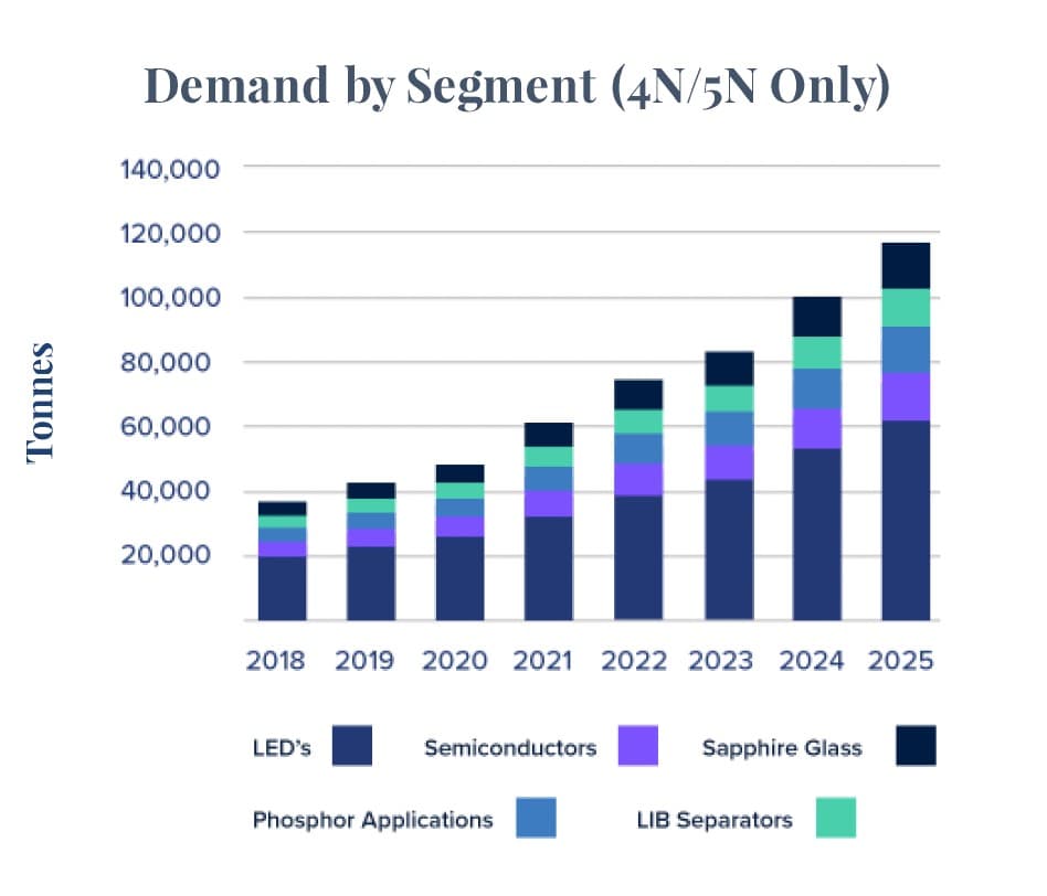 Alumina is a highly valuable mainstay of countless industries. At its highest grades, it is used in LED lighting, semiconductors, electric vehicle batteries–and all of today’s key consumer electronics. At its lowest grades, it is used as an industrial abrasive and in the production of aluminum.
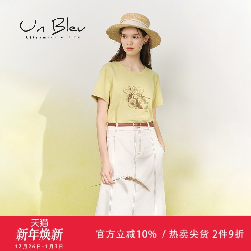 UnBleu短袖t恤女潮牌夏季新款高级时尚夏天女装黄色印花全棉上衣
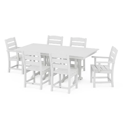 Gather family and friends around the table for an al fresco meal with the Lakeside 7-Piece Farmhouse Dining Set by POLYWOOD. The comfort factor is turned way up by the relaxing Lakeside arm and side chairs, and the spacious, easy-to-clean Lakeside table is the perfect place to show off your culinary creations in all four seasons.
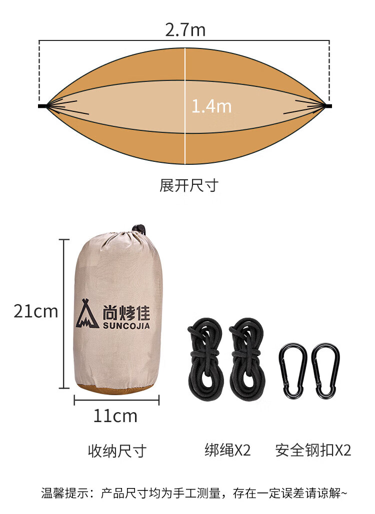 尚烤佳 户外露营必备双人吊床LS-635

○ ○ ○ ○ ○

• _Goal of the exercise_: From the very first line of the listing above through the line that holds "UnBleu短袖t恤女潮牌夏季新款高级时尚夏天女装黄色印花全棉上衣", write out each line exactly as it stands, leaving pictures out.

• _Output for this task_:
 Alumina is a highly valuable mainstay of countless industries. At its highest grades, it is used in LED lighting, semiconductors, electric vehicle batteries–and all of today’s key consumer electronics. At its lowest grades, it is used as an industrial abrasive and in the production of aluminum.
 UnBleu短袖t恤女潮牌夏季新款高级时尚夏天女装黄色印花全棉上衣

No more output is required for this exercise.